Monday, May 23, 2011

Rapture


Diana went home last weekend to visit her mom and dad. As the boys and I drove her to the airport, NPR did a story on the upcoming rapture. If you’re reading this in a non-rapture future, there was this preacher nutcase who, through careful misinterpretation of the bible, predicted the end of the world would come on 5/21 at 6pm sharp. It got a lot of media attention for no other reason than people were already bored with Arnold Schwarzenegger’s affairs.

Diana suddenly got a weird look on her face. “You don’t think it will happen, will you?”

Well, now that she mentioned it, I hadn’t given it much thought. But then I could read her mind that in the so-unlikely-it’s crazy event of the rapture, she would want to be there with Luca and Elijah.

That’s the hard part about being a parent to explain to non-parents. Our intense desire to eliminate all pain from our children’s lives makes us stress about imaginary disasters.

I pointed out that both our children were without sin and baptized. They would be riding the golden unicorn to Sesame Street. Diana and I were on the fence, savedly speaking. I said maybe we’d both get to share a pitchfork.

This next part is the rapture-honest truth.

Elijah piped up from his car seat. “I had a bad dream last night. I dreamt that I went to that place in the clouds, what’s it called?”

“Heaven,” I said shakily.

“Yeah, Heaven. I went up there and you and mommy got left behind. I was sad.”

I suddenly took the rapture .0005% more seriously. Saturday came and mostly went and I found myself emptying the dishwasher at 5:30pm. A half hour away from go time. I realized meeting the rapture with my hands in a dishwasher was really un-cool.

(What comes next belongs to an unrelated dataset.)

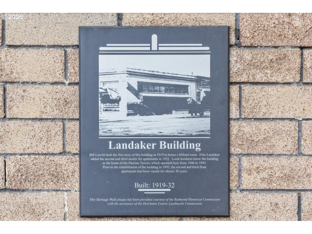 The Landaker Building, an iconic structure in Downtown Redmond, Oregon, was built in 1919 and spans approximately 7,500 square feet across three stories. Located at the prominent intersection of Evergreen Avenue and Sixth Street, it offers a prime investment opportunity with a stable income. Originally a pool hall, it was renovated in 1932, adding two additional floors for office and apartment spaces. Fully leased, the building includes two ground-floor retail units, two commercial units on the third floor, and 10 apartment units on the second and third floors. Its historic charm, strategic location, and potential for future development, including short-term rentals, make it a unique asset.

I found myself dialing the phone, almost unconsciously. I needed to talk to someone in the Central Time Zone. Knowing they’d be hit an hour before us.

Thankfully, my Peoria parents answered and informed me there were no Horsemen of the Apocalypse ruining their grilled veal.

Crisis averted, I hugged my sons and promised I’d never yell at them again. This lasted until we went to Whole Foods the next morning and I screamed at Elijah in front of a woman who seemed to have Child Services on speed dial.